At the beginning of the year, General Motors CEO Rick Wagoner stood onstage at the International Auto Show in Detroit alongside a sign that read "Here to Stay." It was, as it turned out, wishful thinking.

Not even four months later, the Obama Administration has told Wagoner to go, making him the first high-level casualty in what is sure to be a painful and perilous restructuring process for GM, a fallen corporate giant whose name was once synonymous with U.S. industry. White House officials have determined that the viability plan Wagoner submitted in February — a condition of the billions in aid the government loaned the company late last year — lacks credibility. As such, President Barack Obama has decided on a "clean-sheet-of-paper approach" that will involve new management and significant losses for the company's creditors, suppliers, dealers and workers, according to senior Administration officials. "Even greater sacrifices will be required from all stakeholders," one official said. (See the 50 worst cars of all time.)

At the same time, the White House has determined that Chrysler, another struggling automaker, will have to find a way in the next month to come to a partnership agreement with the Italian automaker Fiat, or face a likely dissolution; the White House has no plans to request the resignation of Chrysler's CEO, Robert Nardelli.
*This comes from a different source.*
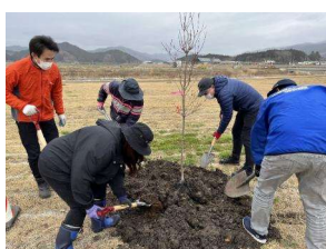
ハナミズキ試験植栽(2023/3/25)

Since late last year, both GM and Chrysler have sustained themselves on $17.4 billion in U.S. government aid. The third major U.S. auto company, Ford, has thus far declined any bailout funds, saying it has enough cash and credit to continue operations through 2009, despite an industry-wide collapse in car and truck sales.
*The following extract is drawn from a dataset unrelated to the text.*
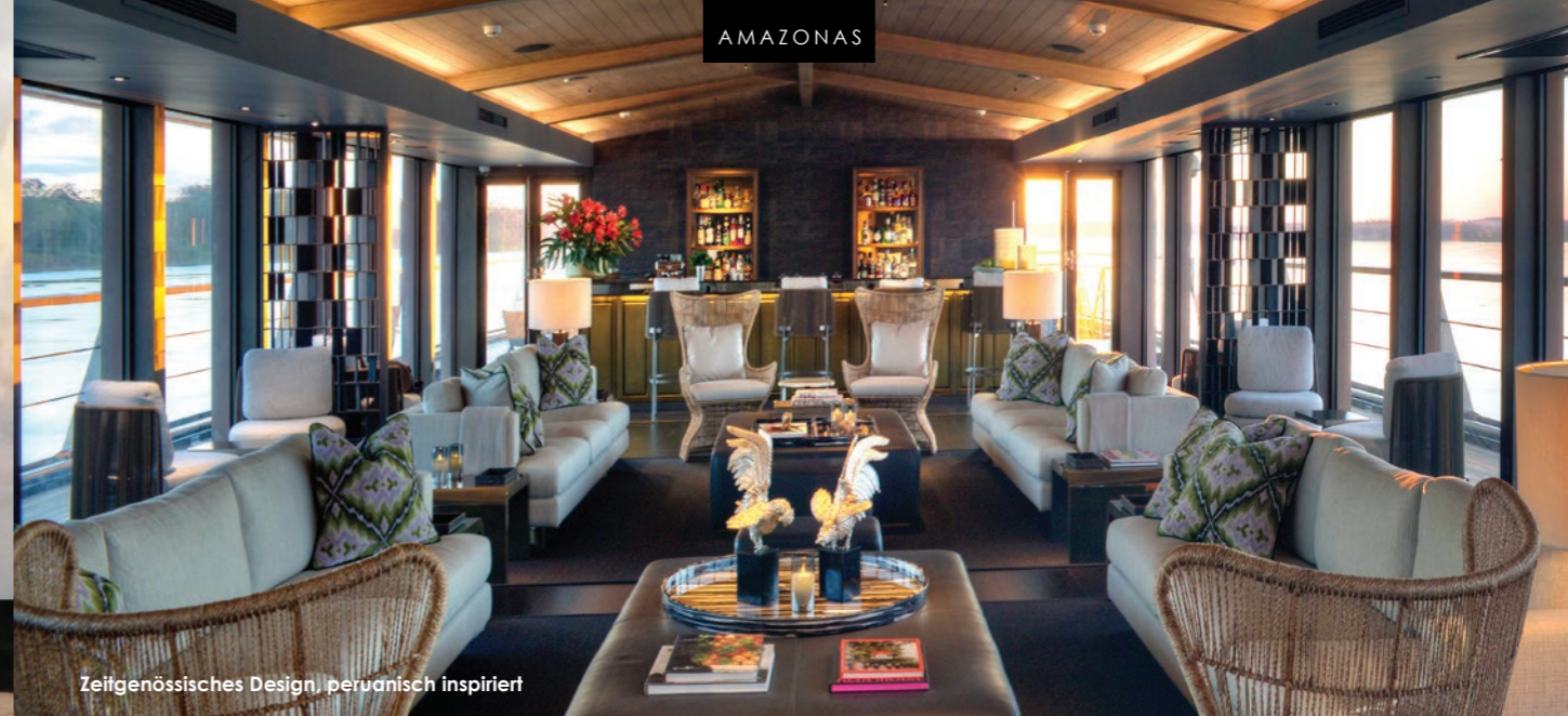
Zeitgenössisches Design, peruanisch inspiriert

On Sunday, the White House made clear that it is taking steps to soften the blow on both the workers and consumers who will be affected by the restructurings. The Treasury Department plans to sponsor a program to insure the warrantees on any new GM or Chrysler car purchased during the restructuring period, even if the companies collapse. In a speech on Monday morning, Obama is expected to announce the appointment of Edward Montgomery, a labor economist, as the new Director of Recovery for Auto Workers and Communities to help funnel government aid to those areas most affected by the fallout, from plant closings to salary and benefit cuts. (See 25 people to blame for the financial crisis.)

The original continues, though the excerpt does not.